Records from a data source:
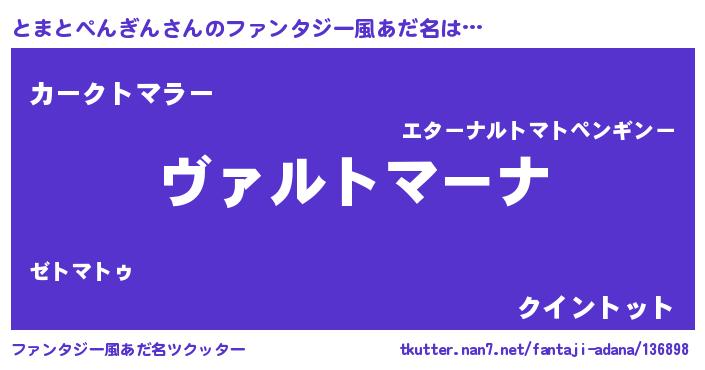 | 意味不明あだ名 | 『住所不定無職とまとぺんぎん(77歳)』 |
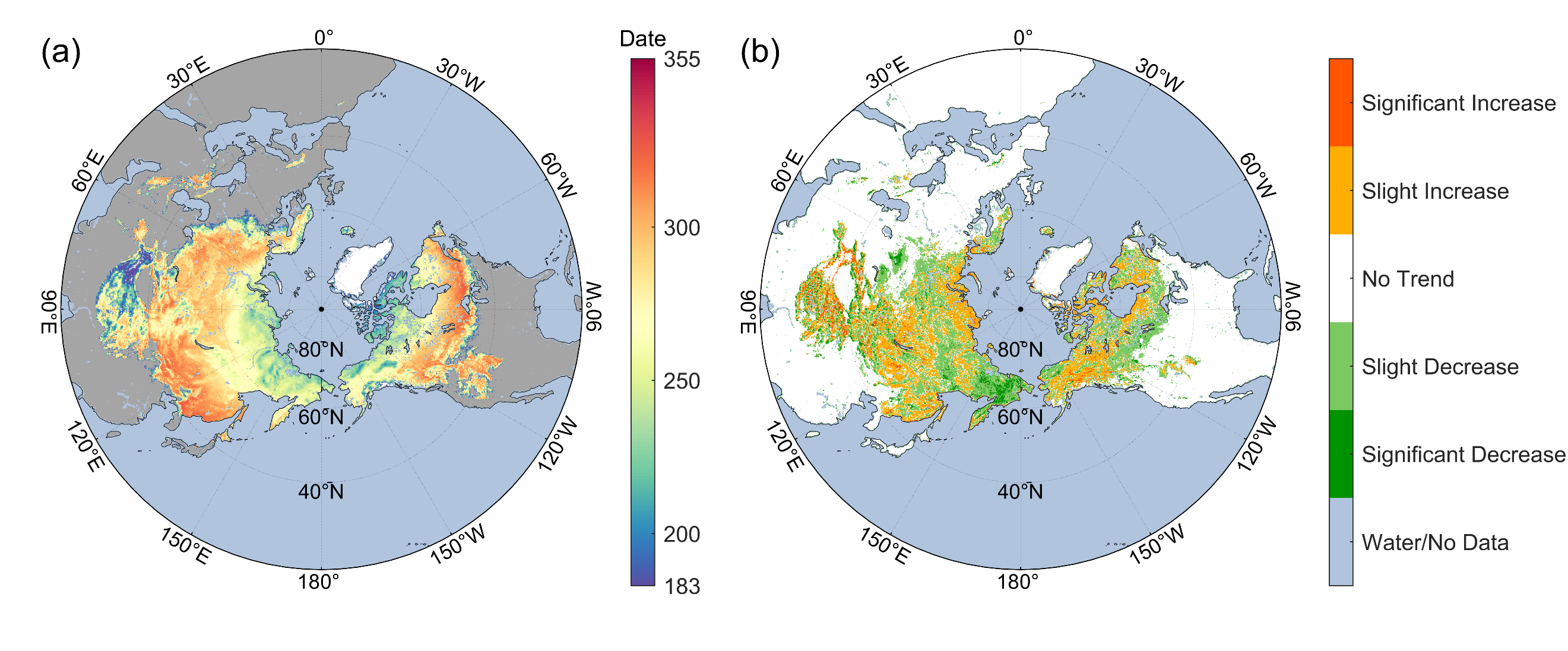 图4. 2003-2023年当地时01:30北半球冻结起始日空间分布与变化趋势(a) 年平均冻结起始日分布;(b) 冻结起始日变化趋势。
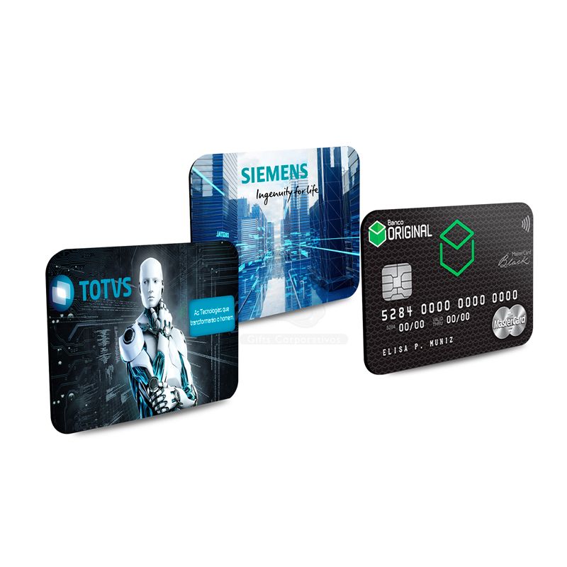 Mouse pad personalizado revestido em PVC com acabamento fosco e base inferior emborrachado com 3mm antideslizante. Gramatura da impressão 240gr. Ideal para brindes personalizados e eventos corporativos.
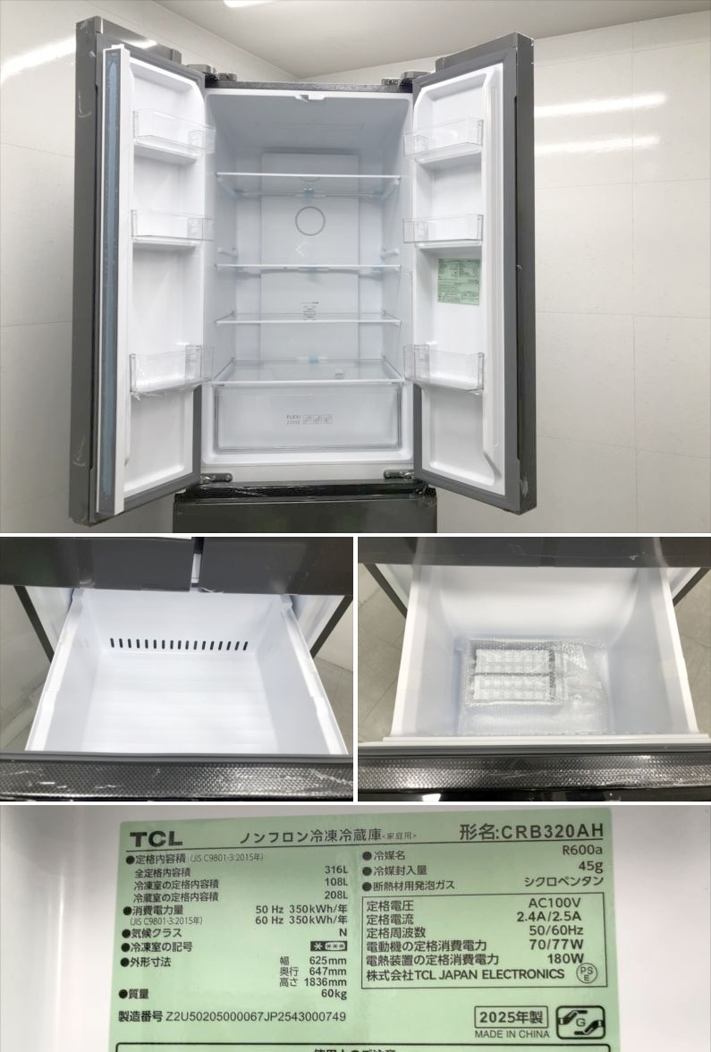 E1641YO ■0116【未使用・B品】冷凍冷蔵庫 316L フレンチドア 4ドア TCL CRB320AH 25年製 家電 收藏
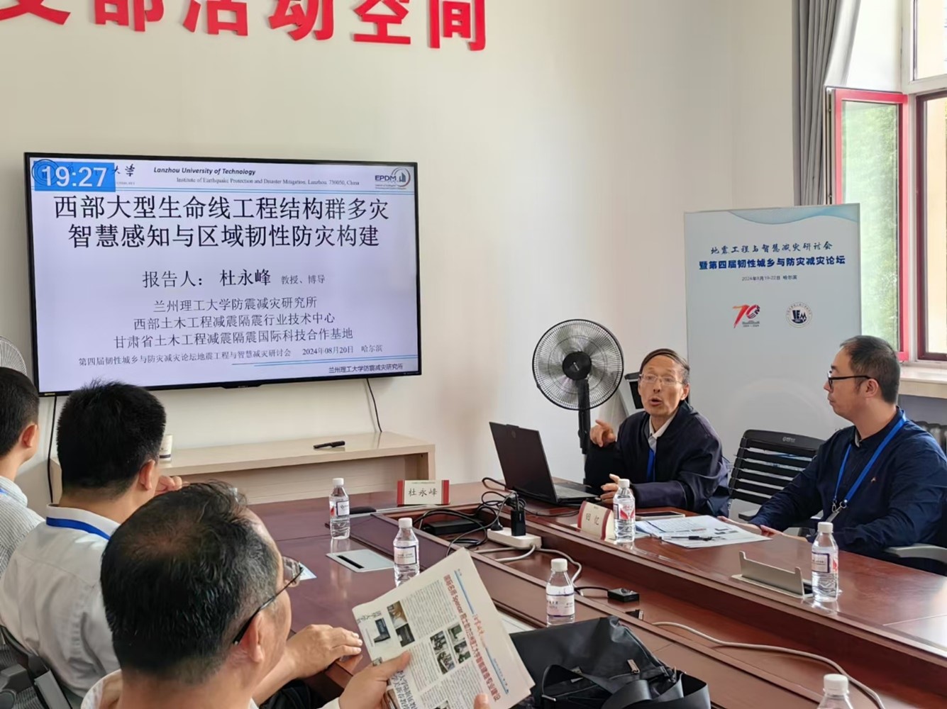 8月20日下午,杜永峰教授做了題為“西部大型生命線工程結構群多災智慧感知與區域韌性防災構建”的分會場報告,并擔任分會主持人。杜永峰教授的報告介紹了甘肅積石山6.2級地震、新疆烏什7.1級地震等幾場西部地區強震的抗震韌性,介紹了團隊承擔的西部地區大型隔震機場及非隔震機場、隔震學校、隔震醫院及隔震住宅群的地震災害及溫度監測,支護結構、文物結構及造像三維重構,西部公路橋梁群風振、地震和交通超載的智慧監測及區域韌性和西部風電塔群風振、地震災害監測,大型儲油罐隔震等特色問題,與兄弟院校的研究學者交流蘭州理工大學防震減災研究團隊有關區域韌性防災系統建設的探索。

**What is expected**
Reproduce only the lines from the first line of the entries through the line containing "Mouse pad personalizado", exactly and with both ends kept. Omit the pictures.

**Reply**
 | 意味不明あだ名 | 『住所不定無職とまとぺんぎん(77歳)』 |
 图4. 2003-2023年当地时01:30北半球冻结起始日空间分布与变化趋势(a) 年平均冻结起始日分布;(b) 冻结起始日变化趋势。
 Mouse pad personalizado revestido em PVC com acabamento fosco e base inferior emborrachado com 3mm antideslizante. Gramatura da impressão 240gr. Ideal para brindes personalizados e eventos corporativos.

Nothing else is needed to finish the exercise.